◆ WHAT TO PRODUCE ◆
An exact copy of every record, with no pictures, please.

◆ DATA FOR ANALYSIS ◆
_ _ _ _ _
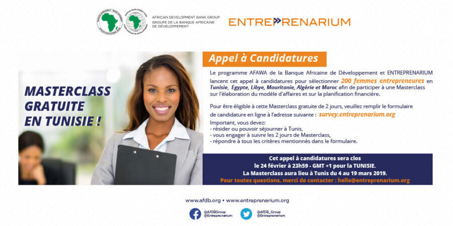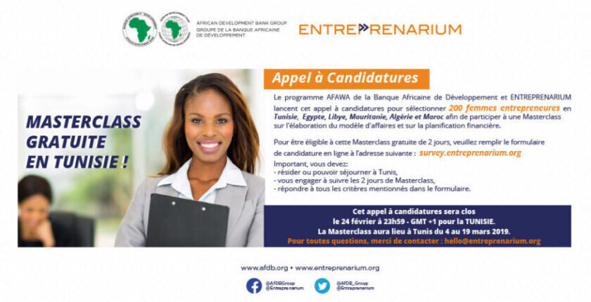 La banque Africaine de développement et ENTREPRENARIUM lancent une formation MASTERCLASS pour 200 femmes entrepreneuses de la région Afrique du nord.
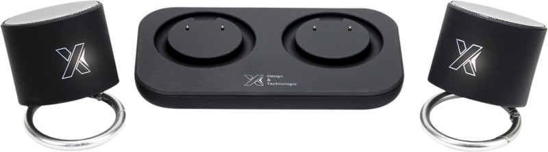 Станция с двумя динамиками мощностью 2 x 3 Вт, светящимся логотипом, встроенным микрофоном и функцией конференц-связи. Динамики могут быть соединены для создания стереозвука, а при размещении на базе их можно заряжать от беспроводной зарядки. Емкость: 3,7 В/500 мАч. Частота: 120 Гц – 16 кГц. Выходная мощность: 2 x 3 Вт. Входная мощность: 5 Вт. Bluetooth® 4.2. Вес нетто: 100 грамм Размер: ø 50 x 46,5 мм. Поставляется в подарочной коробке с магнитной застежкой, изготовленной из бумаги вторичной переработки. Пластик ABS, Алюминий.
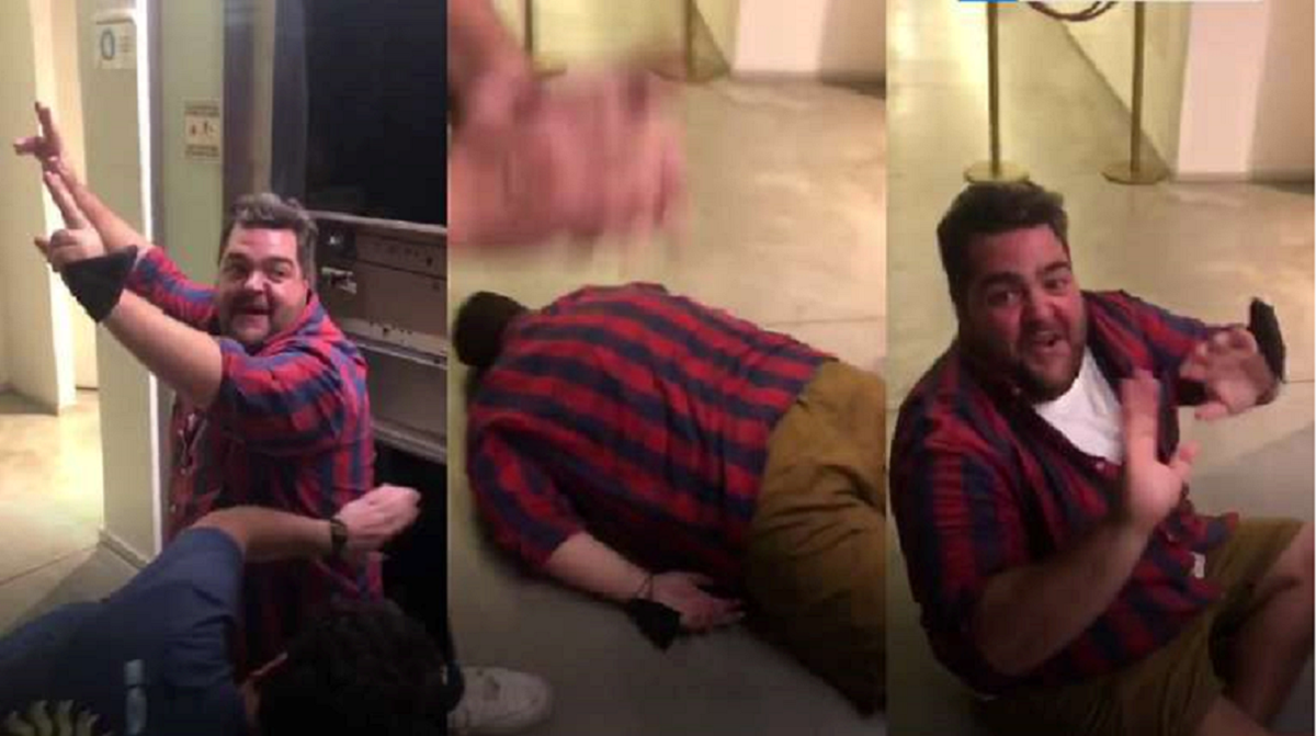 En el video se lo ve al técnico agarrando de los brazos al conductor para que pueda salir por el espacio que quedó entre el piso del edificio y el ascensor. Una vez que logra pisar tierra firme, el humorista festejó y se tiró en el piso del pasillo.
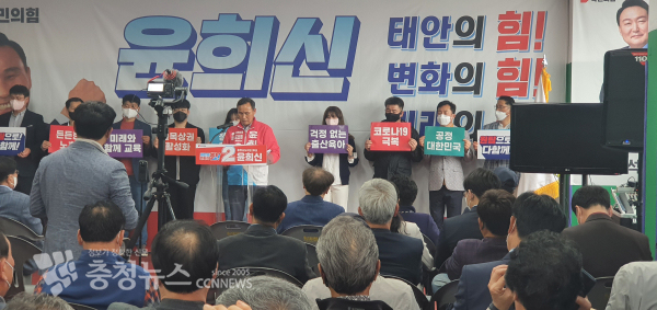 [충청뉴스 김정식 기자] 국민의힘 윤희신 충남도의원 예비후보가 지난 24일 선거사무소 개소식을 갖고 오는 6월 1일 지방선거에 공식 출마선언을 했다.
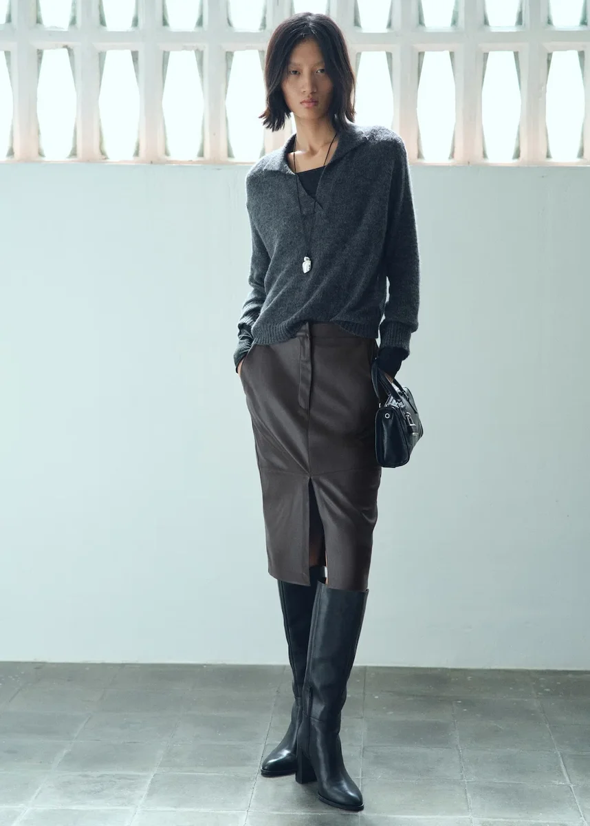 Con finitura in ecopelle, questa gonna presenta un design corto a tubino con vita media. Include due tasche laterali e una chiusura nascosta con bottone, gancio e cerniera. Lo spacco frontale sull’orlo completa il suo stile. Disponibile in taglie forti
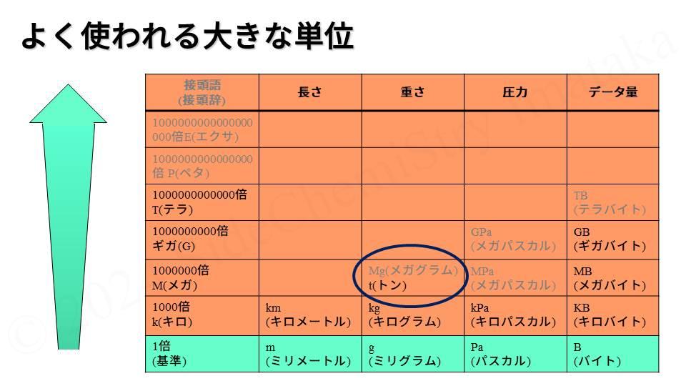 皆さんはMg(メガグラム)という単位聞いたことないと思います。
_ _ _ _ _
◆ FINISHED TASK ◆
 La banque Africaine de développement et ENTREPRENARIUM lancent une formation MASTERCLASS pour 200 femmes entrepreneuses de la région Afrique du nord.
 Станция с двумя динамиками мощностью 2 x 3 Вт, светящимся логотипом, встроенным микрофоном и функцией конференц-связи. Динамики могут быть соединены для создания стереозвука, а при размещении на базе их можно заряжать от беспроводной зарядки. Емкость: 3,7 В/500 мАч. Частота: 120 Гц – 16 кГц. Выходная мощность: 2 x 3 Вт. Входная мощность: 5 Вт. Bluetooth® 4.2. Вес нетто: 100 грамм Размер: ø 50 x 46,5 мм. Поставляется в подарочной коробке с магнитной застежкой, изготовленной из бумаги вторичной переработки. Пластик ABS, Алюминий.
 En el video se lo ve al técnico agarrando de los brazos al conductor para que pueda salir por el espacio que quedó entre el piso del edificio y el ascensor. Una vez que logra pisar tierra firme, el humorista festejó y se tiró en el piso del pasillo.
 [충청뉴스 김정식 기자] 국민의힘 윤희신 충남도의원 예비후보가 지난 24일 선거사무소 개소식을 갖고 오는 6월 1일 지방선거에 공식 출마선언을 했다.
 Con finitura in ecopelle, questa gonna presenta un design corto a tubino con vita media. Include due tasche laterali e una chiusura nascosta con bottone, gancio e cerniera. Lo spacco frontale sull’orlo completa il suo stile. Disponibile in taglie forti
 皆さんはMg(メガグラム)という単位聞いたことないと思います。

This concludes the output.